Familienessen

Eine gefühlte Ewigkeit später stand Ria unentschlossen vor ihrem Schrank. Hier hingen viele schöne Kleider, doch keines war zum Kämpfen geeignet.

„Es gibt viele Arten von Kampf." Angezogen trat Eleasar neben seine Frau. Sie musterte seine lockere Stoffhose und das eng geschnittene Hemd. Beides stand ihm verdammt gut.

„Schon. Nur ist es nicht mein Ding, mich mit Intrigen abzugeben."

Ihr die Entscheidung abnehmend zog er ein dunkelrotes knöchellanges Kleid aus dem Schrank. „Das sollst du auch nicht. Beim Mittagessen sind nur meine Eltern und Geschwister, sowie Aram und Adele anwesend. Das verpassen wir gleich übrigens, wenn du dich nicht langsam anziehst."

Am liebsten hätte Ria sich unters Bett und dort in die hinterste, entlegenste Ecke verkrochen. Ihr knurrender Magen machte ihr da allerdings einen Strich durch die Rechnung. Nach dem Duschen hatte er ihr eröffnet, dass seine Familie im Unterschoss auf sie wartete, um das neue Familienmitglied kennenzulernen. Seufzend griff sie nach dem Kleid, das er ihr hinhielt und zog es sich über. „Immerhin behindert es mich nicht beim Gehen."

Ein wenig unzufrieden betrachtete Eleasar sie. Sie sah unglaublich aus. „Vielleicht solltest du doch etwas anderes anziehen." Er wollte nicht, dass die anderen sahen, was er in ihr sah.

Finster starrte sie ihn an. „Nie im Leben. Da gehe ich lieber nackt." Für heute hatte sie genug Kleider angezogen.

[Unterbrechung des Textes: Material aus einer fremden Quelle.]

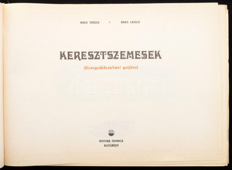 Bakó Terézia - Bakó László: Keresztszemesek. (Gyergyókilyénfalvi gyűjt... https://www.darabanth.com/de/472-Fernauktion/472.0/Bucher/Bucher-Architektur-Kunst~2000026/Bako-Terezia-Bako-Laszlo-Keresztszemesek-Gyergyokilyenfalvi-gyujtes-Bukarest-1983~II3201535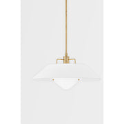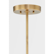 Playing with material and shape, Otto features a white linen shade with a glass diffuser in coordinating streamlined shapes. Patina Brass metalwork with unique details like finials directly on the diffuser and angled rods on the socket, add to the design's overall fresh, clean look.

„Lass dich von niemandem anmachen. Nicht einmal von Kilian." Seufzend wandte er sich ab. Es war schwer zu ertragen, dass sie sich in solchen Sachen unter die Leute begab. Ihre Schönheit sollte nur für ihn allein zu sehen sein.

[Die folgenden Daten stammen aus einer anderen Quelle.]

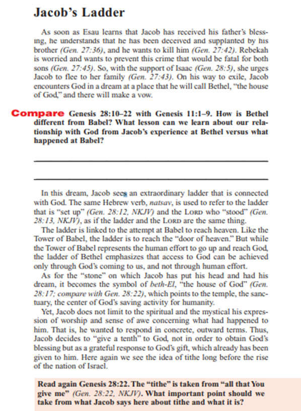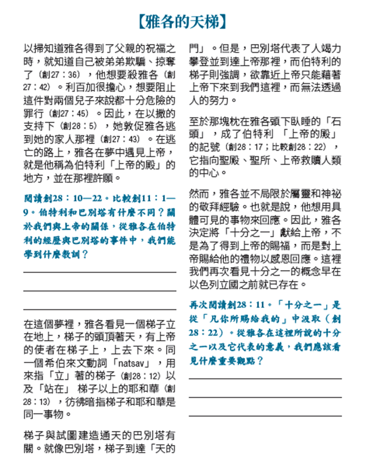 ( 創世記二十八章十一至十五節: 11到了一個地方,因為太陽落了,就在那裏住宿,便拾起那地方的一塊石頭枕在頭下,在那裏躺臥睡了, 12夢見一個梯子立在地上,梯子的頭頂着天,有上帝的使者在梯子上,上去下來。 13耶和華站在梯子以上,說:「我是耶和華-你祖亞伯拉罕的上帝,也是以撒的上帝;我要將你現在所躺臥之地賜給你和你的後裔。 14你的後裔必像地上的塵沙那樣多,必向東西南北開展;地上萬族必因你和你的後裔得福。 15我也與你同在。你無論往哪裏去,我必保佑你,領你歸回這地,總不離棄你,直到我成全了向你所應許的。」)

Ria stutze, schien dann zu begreifen und lief ihm breit grinsend hinterher, zurück ins Schlafzimmer. „Eifersüchtig?"

Er warf ihr einen strengen Blick zu. „Besser, du sprichst mich nicht mehr darauf an, bis wir mit dem Essen fertig sind."

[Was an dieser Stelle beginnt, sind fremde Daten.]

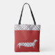 Sac fourre-tout élégant pour les amoureux de les chiens de teckel avec ovale, chien de saucisse de motif de plaid sur le rouge audacieux.

Sie sagte zwar nichts mehr, trotzdem war ihr glückliches Grinsen aussagekräftig genug. Er war ganz froh darüber, dass ihr der Hunger dieses zufriedene Grinsen wenigstens ein bisschen aus dem Gesicht wischte. Angespannt berührte er eines der unsichtbaren Felder, woraufhin sich ein kleiner Wandschrank öffnete. „Hier."

Begeistert betrachtete sie die flachen, sandfarbenen Schuhe, die er ihr hinhielt. Die roten Bänder, die er ihr zusätzlich reichte, legte sie desinteressiert beiseite. Sie wollte ihre Haare nicht zusammenbinden. „Kein Absatz?" Die Schuhe ließen sich fast wie Socken überziehen. Leider war der Schaft zu weit, als dass sie so hielten. Nach kurzem Herumexperimentieren hatte sie herausgefunden, wie sie das zum Kleid passende dunkelrote Band wickeln musste, damit sie die Schuhe unterwegs nicht verlor. Der Stoff fühlte sich himmlisch leicht an und musste demnach ein Vermögen gekostet haben. Aber was hatte Adele gesagt? Eleasar war verdammt reich.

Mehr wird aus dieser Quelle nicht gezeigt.